Suriye ve Irak İŞİD belasından tamamen temizlenir, barış antlaşması olur. Sonra bu topraklarda taş üstüne taş bırakmayan ülkeler, Suriye ve Irak’ın imarını üstlenmeye başlar. O zaman herkes yeni bir savaş alanı bulma zorunluluğunu hissederler. Arap ülkeleri bu savaşlarda çok hırpalanmış ve aşağılanmıştır. Savaştan yorgun düşen Arap ülkelerinin hazineleri boşalmış, insanları bitkin ve bezgin bir duruma gelmiştir. Arap ülkelerinin günümüzde Savaşı finanse edecek paraları, savaşı sürdürebilecek genç insanları tükenme noktasına gelmiştir.

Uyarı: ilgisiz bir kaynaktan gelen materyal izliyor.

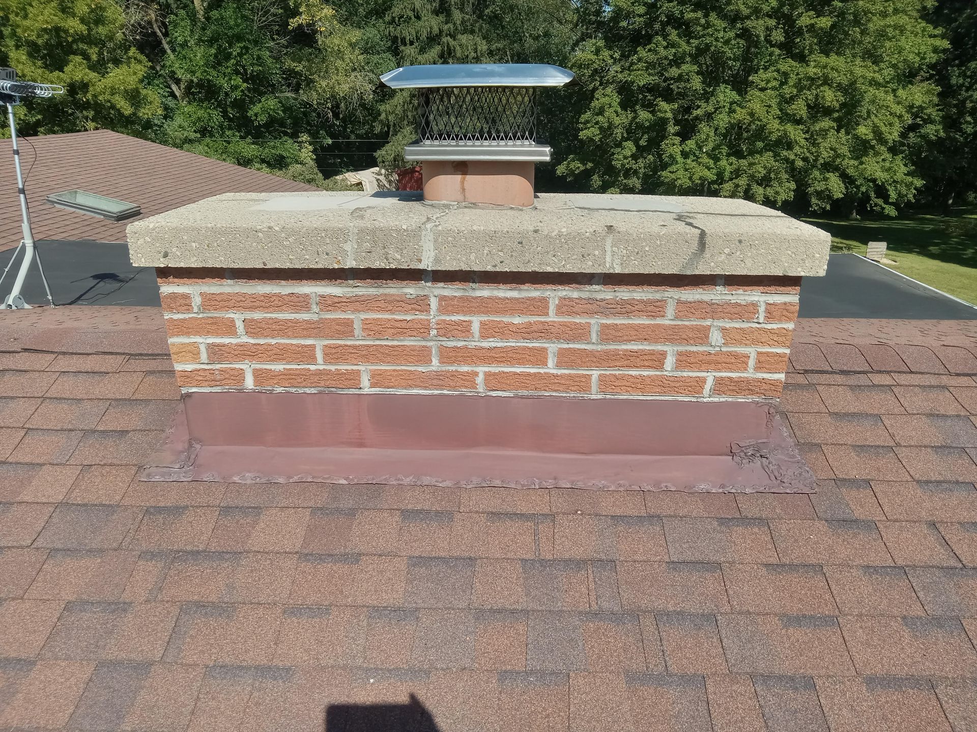 Visible flashing details and crown finishes demonstrate integration of waterproofing best practices.
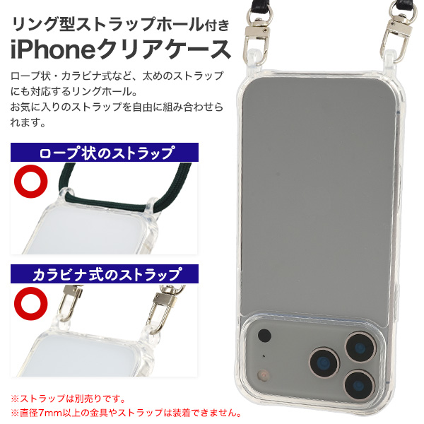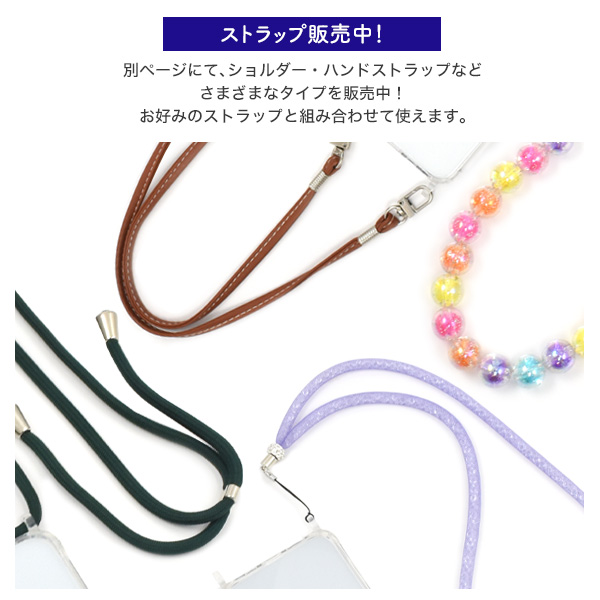 お好みのストラップと合わせて使えるリング型のストラップホールが付いたクリアケースです。
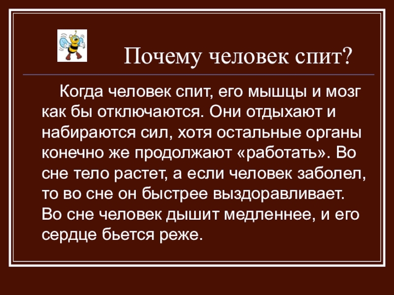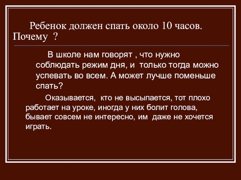 Оказывается, кто не высыпается, тот плохо работает на уроке, иногда у них болит голова, бывает совсем не интересно, им даже не хочется играть.
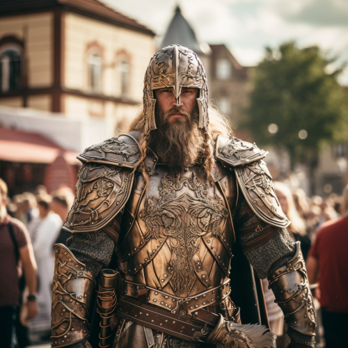 picture of an ancient warrior who is wearing armor that combines the style of 1400s european and 1100s vikings, inspired by imagery of Odin, wearing a valkyrie helmet. The warrior is stoic looking, cast in light, holding aloft a sword, his cape flows in the wind. He is standing in a town square as if addressing the people of a city. Behind him you can see men and women cheering as though they have renewed hope. Bright pale light, hopeful colors. high detail, painting, frank frazetta
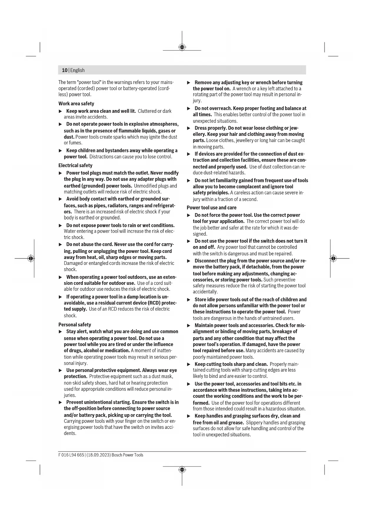 ance. General Power Tool Safety Warnings WARNING Read all safety warnings, instruc- tions, illustrations and specifica- tions provided with this power tool. Failure to follow all in- structions listed below may result in electric shock, fire and/ or serious injury. Save all warnings and instructions for future reference. Bosch Power Tools F 016 L94 665 | (18.09.2023)10 | English The term "power tool" in the warnings refers to your mains- operated (corded) power tool or battery-operated (cord- less) power tool. Work area safety u Keep work area clean and well lit. Cluttered or dark areas invite accidents. u Do not operate power tools in explosive atmospheres, such as in the presence of flammable liquids, gases or dust. Power tools create sparks which may ignite the dust or fumes. u Keep children and bystanders away while operating a power tool. Distractions can cause you to lose control. Electrical safety u Power tool plugs must match the outlet. Never modify the plug in any way. Do not use any adapter plugs with earthed (grounded) power tools. Unmodified plugs and matching outlets will reduce risk of electric shock. u Avoid body contact with earthed or grounded sur- faces, such as pipes, radiators, ranges and refrigerat- ors. There is an increased risk of electric shock if your body is earthed or grounded. u Do not expose power tools to rain or wet conditions. Water entering a power tool will increase the risk of elec- tric shock. u Do not abuse the cord. Never use the cord for carry- ing, pulling or unplugging the power tool. Keep cord away from heat, oil, sharp edges or moving parts. Damaged or entangled cords increase the risk of electric shock. u When operating a power tool outdoors, use an exten- sion cord suitable for outdoor use. Use of a cord suit- able for outdoor use reduces the risk of electric shock. u If operating a power tool in a damp location is un- avoidable, use a residual current device (RCD) protec- ted supply. Use of an RCD reduces the risk of electric shock. Personal safety u Stay alert, watch what you are doing and use common sense when operating a power tool. Do not use a power tool while you are tired or under the influence of drugs, alcohol or medication. A moment of inatten- tion while operating power tools may result in serious per- sonal injury. u Use personal protective equipment. Always wear eye protection. Protective equipment such as a dust mask, non-skid safety shoes, hard hat or hearing protection used for appropriate conditions will reduce personal in- juries. u Prevent unintentional starting. Ensure the switch is in the off-position before connecting to power source and/or battery pack, picking up or carrying the tool. Carrying power tools with your finger on the switch or en- ergising power tools that have the switch on invites acci- dents. u Remove any adjusting key or wrench before turning the power tool on. A wrench or a key left attached to a rotating part of the power tool may result in personal in- jury. u Do not overreach. Keep proper footing and balance at all times. This enables better control of the power tool in unexpected situations. u Dress properly. Do not wear loose clothing or jew- ellery. Keep your hair and clothing away from moving parts. Loose clothes, jewellery or long hair can be caught in moving parts. u If devices are provided for the connection of dust ex- traction and collection facilities, ensure these are con- nected and properly used. Use of dust collection can re- duce dust-related hazards. u Do not let familiarity gained from frequent use of tools allow you to become complacent and ignore tool safety principles. A careless action can cause severe in- jury within a fraction of a second. Power tool use and care u Do not force the power tool. Use the correct power tool for your application. The correct power tool will do the job better and safer at the rate for which it was de- signed. u Do not use the power tool if the switch does not turn it on and off. Any power tool that cannot be controlled with the switch is dangerous and must be repaired. u Disconnect the plug from the power source and/or re- move the battery pack, if detachable, from the power tool before making any adjustments, changing ac- cessories, or storing power tools. Such preventive safety measures reduce the risk of starting the power tool accidentally. u Store idle power tools out of the reach of children and do not allow persons unfamiliar with the power tool or these instructions to operate the power tool. Power tools are dangerous in the hands of untrained users. u Maintain power tools and accessories. Check for mis- alignment or binding of moving parts, breakage of parts and any other condition that may affect the power tool’s operation. If damaged, have the power tool repaired before use. Many accidents are caused by poorly maintained power tools. u Keep cutting tools sharp and clean. Properly main- tained cutting tools with sharp cutting edges are less likely to bind and are easier to control. u Use the power tool, accessories and tool bits etc. in accordance with these instructions, taking into ac- count the working conditions and the work to be per- formed. Use of the power tool for operations different from those intended could result in a hazardous situation. u Keep handles and grasping surfaces dry, clean and free from oil and grease. Slippery handles and grasping surfaces do not allow for safe handling and control of the tool in unexpected situations. F 016 L94 665 | (18.09.2023) Bosch Power ToolsEnglish | 11 Battery tool use and care u Recharge only with the charger specified by the manu- facturer. A charger that is suitable for one type of bat- tery pack may create a risk of fire when used with another battery pack. u Use power tools only with specifically designated bat- tery packs. Use of any other battery packs may create a risk of injury and fire. u When battery pack is not in use, keep it away from other metal objects, like paper clip
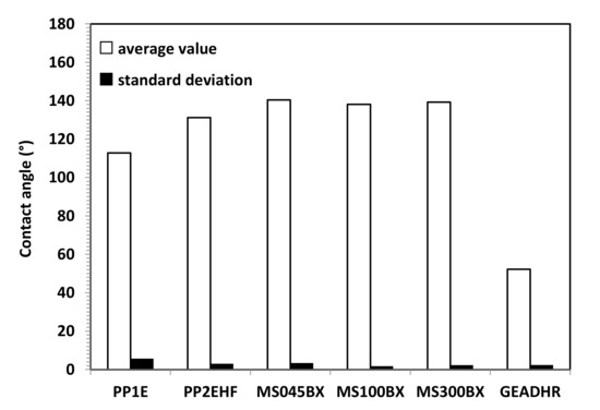 Figure 6 shows the water contact angle on the PP and PTFE MS membranes used in membrane distillation and the RO membrane. The membranes used for MD are clearly hydrophobic and PTFE MS membrane made of PTFE, exhibiting a contact angle approaching at 140°, higher than that of PP membranes. The PP2HF membrane exhibits a water contact angle higher than that of the PP1 membrane, probably owing to the higher surface porosity. The RO membrane shows a hydrophilic behavior with a water contact angle of about 45°, as expected because thin film composite membranes are usually made of a polymer as well as polyamide, which should allow a good solubility and diffusion of water.

Türkistan’in Müslüman Türk Halkları, Savaşın altı yapısını hazırlanmış, baskı altında, parçalanmış, yoksul, mahalli etnik çatışmalara gebe, demokrasi, özgürlük ve insan hakları anlayışına kapalı bir durumdadırlar. Müslüman Türklerin yaşadığı Türk yurdu Merkezi Asya – Türkistan toprakları diğer yandan büyük bir Çin tehdit ve tehlikesinin baskısı altında bulunmaktadır. Çin’in etnik ve dini baskı, dini ve ırkı soykırımına dayanma gücü tükenen Müslüman Türkleri ise, eline silah olarak ne geçerse geçsin,onunla kutsal inançları,hürriyet ve bağımsızkları uğruna Şehadete koşmaya hazırdırlar. Doğu Türkistan günümüzde patlama öncesi sessizliğe bürünmüş bir yanar dağa dönüşmüş durumdadır.

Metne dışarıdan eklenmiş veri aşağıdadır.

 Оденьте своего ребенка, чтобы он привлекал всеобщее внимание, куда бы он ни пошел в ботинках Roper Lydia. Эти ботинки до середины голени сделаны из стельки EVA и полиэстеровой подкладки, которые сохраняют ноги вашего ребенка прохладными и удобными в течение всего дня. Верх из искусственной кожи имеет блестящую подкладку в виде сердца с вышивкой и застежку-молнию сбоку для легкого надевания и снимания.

Türkistan Cumhuriyetleri ve Sorunları
Özbekistan ve Tacikistan: Batı Türkistan’da, bilhassa Özbekistan ve Tacikistan yönetimi dini değerlere karşı engel yasak ve baskıda Çin’in Doğu Türkistan’da uyguladıkları baskı,zulüm ve işkence modelini ithal ettiği için bu ülkelenin inançlı Müslüman Halkı aşırı ve dini radikal fikir akımlarının kucağına itilmektedir.Bu nedenle bu ülkelerin halkı yönetime tepkili ve çok öfkelidirler. Yoksulluk ve yolsuzluk hat safhada.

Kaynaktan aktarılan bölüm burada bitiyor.